WORK ITEM:
Your answer should repeat the entries in full, exactly as given, with no pictures.

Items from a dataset
>>

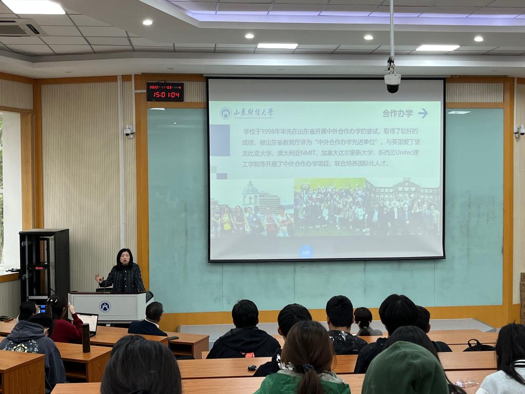 马晓倩首先为同学们进行了大学学业规划方面的分享,并详细介绍了留学项目学校的概况,让同学们对国外合作院校的历史、相关专业及排名认证有了更加清晰的认识和了解。她强调,学校于2018年11月正式申请成为教育部“平安留学”行前培训协办单位,2022年10月,学校正式启动AACSB认证工作,近年来学校加大引进海外高层次人才力度,重点聘请外籍专家承担我校教学和科研任务,同时招收来华留学生。
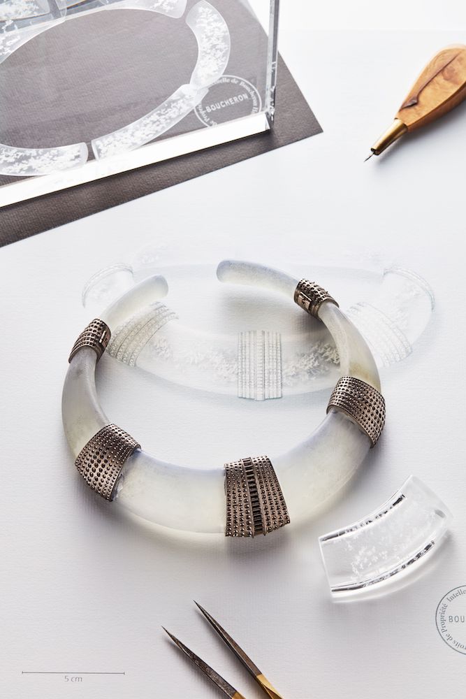 Создание этого колье было чрезвычайно сложным. В течение двух лет ювелиры Boucheron искали материал, который мог бы воспроизвести не только небесную палитру синего цвета, но и его мимолетную, почти неуловимую природу. Во время этих поисков мастера узнали о специальном веществе, которое НАСА использует в космосе для сбора звездной пыли — аэрогеле. Эта загадочная материя, состоящая на 99,8% из воздуха и диоксида кремния, меняет цвет в зависимости от освещения. В украшениях Boucheron этот талисман заключен в оболочку из горного хрусталя с бриллиантами. Сохраняя традицию украшений-трансформеров, мастера сконструировали это колье так, что его можно также носить на шелковой ленте, дополнив браслетом из тех же материалов.
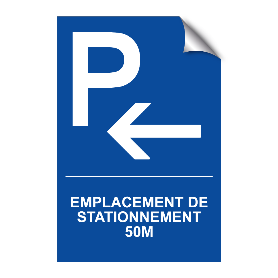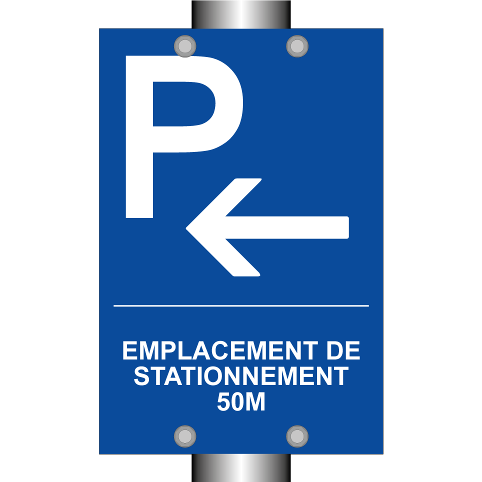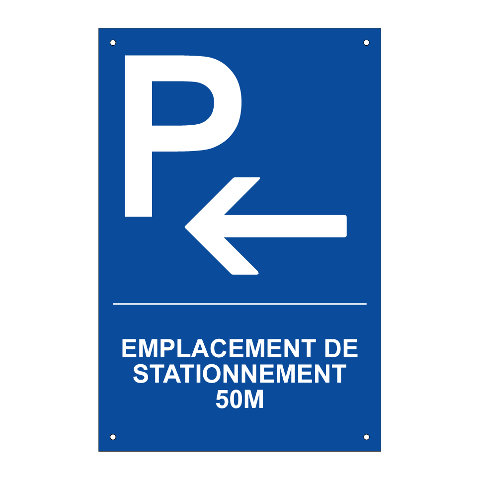Panneau de stationnement avec le texte : "Emplacement de stationnement 50m" et une symbolique claire.
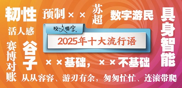 本报讯(记者 徐翌晟)“一年一盘点,一语一世界”,昨天,《咬文嚼字》“2025年十大流行语”发布,“韧性”位居榜首,“苏超”“赛博对账”也高票入选,这一年度的大事要事、社会热点,都在“流行语”中得到了体现。
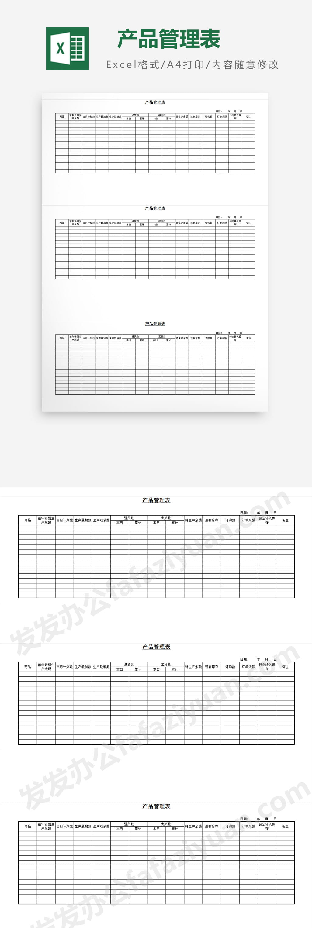 作品内容为产品管理表模板, 格式为 xlsx, 大小1MB,下载后可直接使用, 请使用软件Excel打开, 作品中主体文字及图片可替换修改,文字修改可直接点击文本框进行编辑,图片更改可选中图片后单击鼠标右键选择更换图片,也可根据自身需求增加和删除作品中的内容, 源文件无水印, 欢迎使用发发资源库。
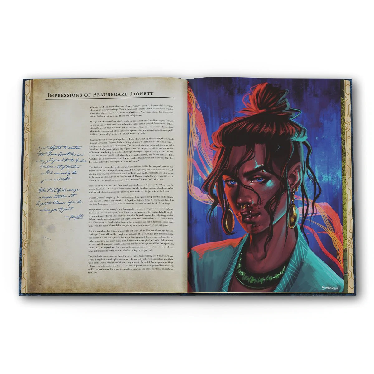 Encompassing the first chapters of our second campaign, this tome illustrates the adventures of our unlikely heroes as they meet in Trostenwald, struggle through a heartbreaking encounter with the Iron Shepherds, and more. Featuring stunning works by artists from the Critter community, The Chronicles of Exandria — The Mighty Nein is a beautiful way to revisit the origin of the Mighty Nein through the perspective of expositor Beauregard Lionett and the archivists of the Cobalt Soul.
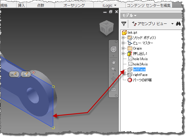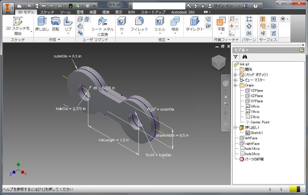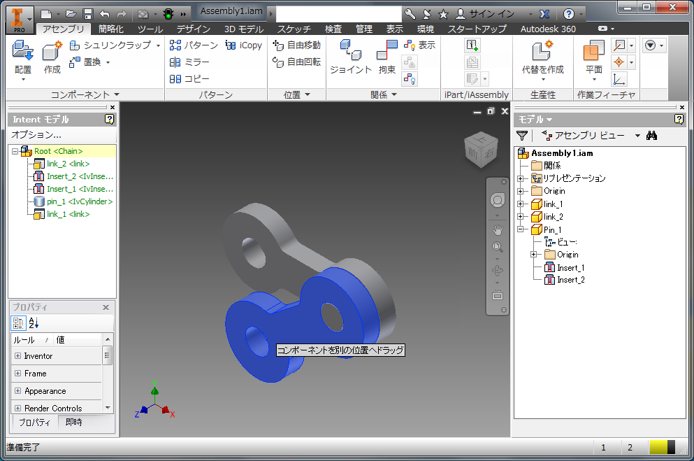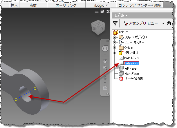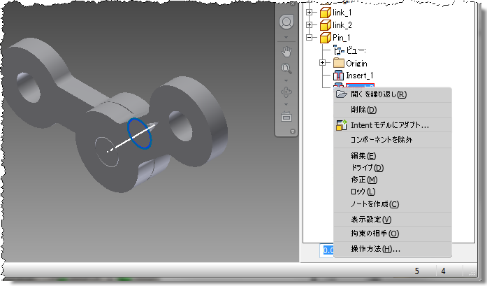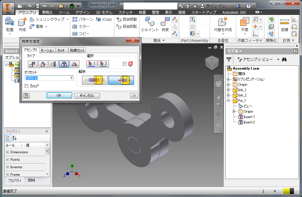 モデルのピンおよび 2 つのリンクを使用し、Inventor の 2 つの挿入拘束でピンとリンクを拘束します。

<<

SOLUTION TO THIS PROBLEM:
 马晓倩首先为同学们进行了大学学业规划方面的分享,并详细介绍了留学项目学校的概况,让同学们对国外合作院校的历史、相关专业及排名认证有了更加清晰的认识和了解。她强调,学校于2018年11月正式申请成为教育部“平安留学”行前培训协办单位,2022年10月,学校正式启动AACSB认证工作,近年来学校加大引进海外高层次人才力度,重点聘请外籍专家承担我校教学和科研任务,同时招收来华留学生。
 Создание этого колье было чрезвычайно сложным. В течение двух лет ювелиры Boucheron искали материал, который мог бы воспроизвести не только небесную палитру синего цвета, но и его мимолетную, почти неуловимую природу. Во время этих поисков мастера узнали о специальном веществе, которое НАСА использует в космосе для сбора звездной пыли — аэрогеле. Эта загадочная материя, состоящая на 99,8% из воздуха и диоксида кремния, меняет цвет в зависимости от освещения. В украшениях Boucheron этот талисман заключен в оболочку из горного хрусталя с бриллиантами. Сохраняя традицию украшений-трансформеров, мастера сконструировали это колье так, что его можно также носить на шелковой ленте, дополнив браслетом из тех же материалов.
Panneau de stationnement avec le texte : "Emplacement de stationnement 50m" et une symbolique claire.
 本报讯(记者 徐翌晟)“一年一盘点,一语一世界”,昨天,《咬文嚼字》“2025年十大流行语”发布,“韧性”位居榜首,“苏超”“赛博对账”也高票入选,这一年度的大事要事、社会热点,都在“流行语”中得到了体现。
 作品内容为产品管理表模板, 格式为 xlsx, 大小1MB,下载后可直接使用, 请使用软件Excel打开, 作品中主体文字及图片可替换修改,文字修改可直接点击文本框进行编辑,图片更改可选中图片后单击鼠标右键选择更换图片,也可根据自身需求增加和删除作品中的内容, 源文件无水印, 欢迎使用发发资源库。
 Encompassing the first chapters of our second campaign, this tome illustrates the adventures of our unlikely heroes as they meet in Trostenwald, struggle through a heartbreaking encounter with the Iron Shepherds, and more. Featuring stunning works by artists from the Critter community, The Chronicles of Exandria — The Mighty Nein is a beautiful way to revisit the origin of the Mighty Nein through the perspective of expositor Beauregard Lionett and the archivists of the Cobalt Soul.
 モデルのピンおよび 2 つのリンクを使用し、Inventor の 2 つの挿入拘束でピンとリンクを拘束します。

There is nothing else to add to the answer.